• _REQUIRED WORK_: Exactly the lines below from the line with "Arjun Kapoor also" through the line with "巖棉復(fù)合板以豎絲巖棉" must make up the answer, both ends included and pictures left out.

SUPPLIED RECORDS: Begin

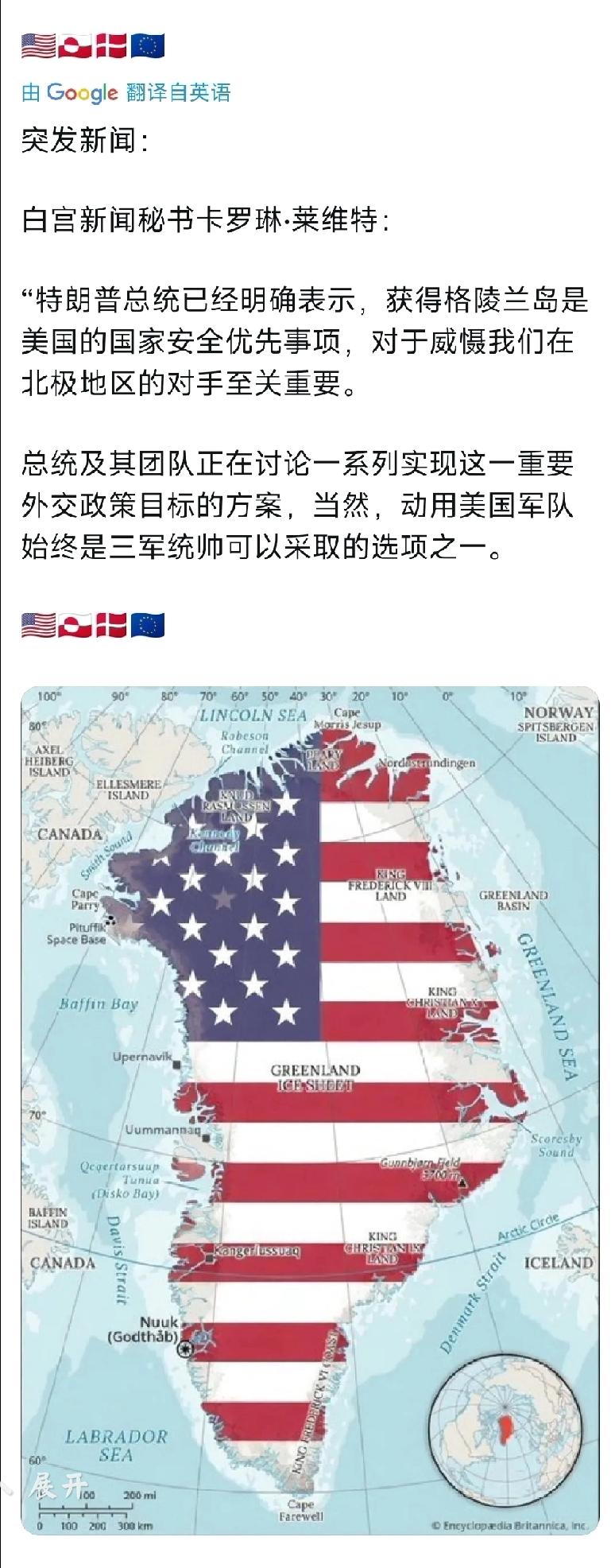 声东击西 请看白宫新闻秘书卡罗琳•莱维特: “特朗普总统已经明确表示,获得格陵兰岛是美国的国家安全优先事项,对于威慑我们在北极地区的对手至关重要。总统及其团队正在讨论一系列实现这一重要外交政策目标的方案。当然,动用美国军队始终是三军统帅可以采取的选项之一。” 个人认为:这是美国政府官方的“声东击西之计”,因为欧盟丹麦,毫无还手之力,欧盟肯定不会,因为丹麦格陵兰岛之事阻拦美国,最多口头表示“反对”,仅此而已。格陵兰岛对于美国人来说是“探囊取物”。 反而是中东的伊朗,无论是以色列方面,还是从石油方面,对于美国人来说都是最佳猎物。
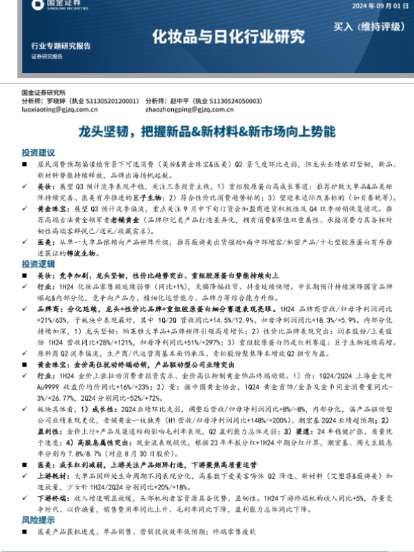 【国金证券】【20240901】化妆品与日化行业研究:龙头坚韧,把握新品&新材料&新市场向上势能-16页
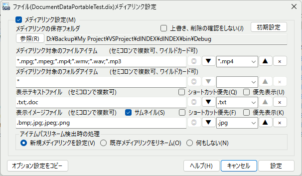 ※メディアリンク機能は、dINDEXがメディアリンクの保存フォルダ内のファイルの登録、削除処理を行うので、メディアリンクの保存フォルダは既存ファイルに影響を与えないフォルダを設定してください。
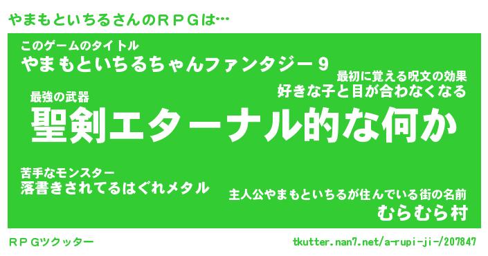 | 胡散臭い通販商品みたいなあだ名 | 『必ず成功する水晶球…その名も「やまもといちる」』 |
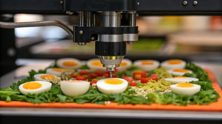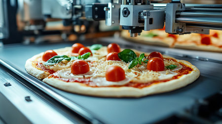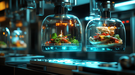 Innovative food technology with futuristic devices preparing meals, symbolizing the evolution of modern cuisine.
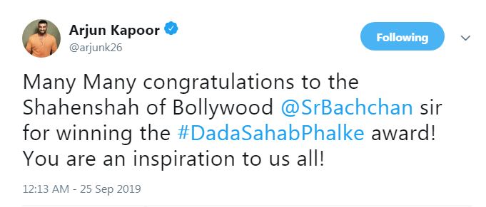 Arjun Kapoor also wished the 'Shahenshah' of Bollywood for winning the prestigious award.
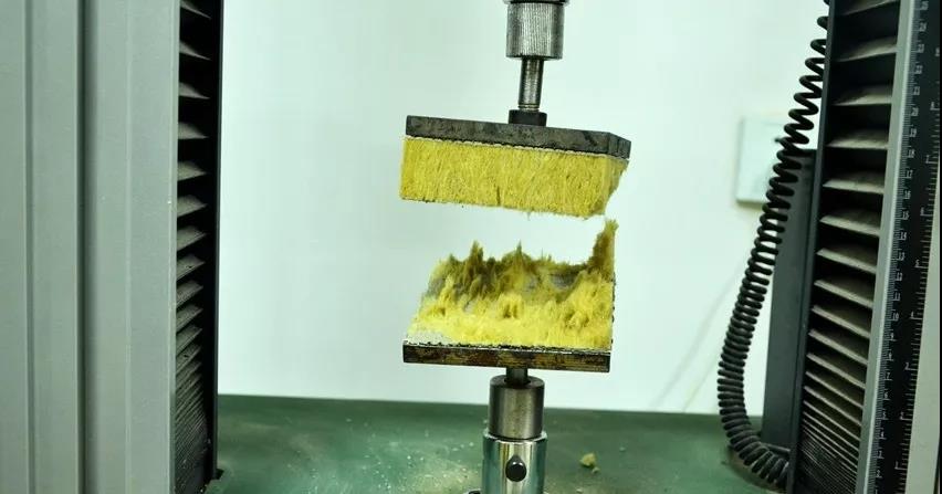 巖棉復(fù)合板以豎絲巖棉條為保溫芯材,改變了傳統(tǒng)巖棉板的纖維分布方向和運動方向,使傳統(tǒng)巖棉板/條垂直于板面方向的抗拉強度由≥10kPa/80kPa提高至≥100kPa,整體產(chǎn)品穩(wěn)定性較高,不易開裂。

SUPPLIED RECORDS: End
SUPPLIED RECORDS: Begin

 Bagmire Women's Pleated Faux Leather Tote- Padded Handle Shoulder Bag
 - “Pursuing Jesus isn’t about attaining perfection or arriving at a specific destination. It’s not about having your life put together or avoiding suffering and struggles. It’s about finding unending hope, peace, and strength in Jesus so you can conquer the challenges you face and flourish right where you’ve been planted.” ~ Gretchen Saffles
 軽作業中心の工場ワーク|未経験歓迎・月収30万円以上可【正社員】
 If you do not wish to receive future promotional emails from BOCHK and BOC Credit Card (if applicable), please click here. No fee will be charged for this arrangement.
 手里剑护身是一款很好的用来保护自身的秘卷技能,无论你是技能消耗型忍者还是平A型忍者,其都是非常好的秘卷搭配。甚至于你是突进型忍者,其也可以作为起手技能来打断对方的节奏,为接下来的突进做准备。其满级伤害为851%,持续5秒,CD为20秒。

SUPPLIED RECORDS: End

• _ANSWER SECTION_:
 Arjun Kapoor also wished the 'Shahenshah' of Bollywood for winning the prestigious award.
 巖棉復(fù)合板以豎絲巖棉條為保溫芯材,改變了傳統(tǒng)巖棉板的纖維分布方向和運動方向,使傳統(tǒng)巖棉板/條垂直于板面方向的抗拉強度由≥10kPa/80kPa提高至≥100kPa,整體產(chǎn)品穩(wěn)定性較高,不易開裂。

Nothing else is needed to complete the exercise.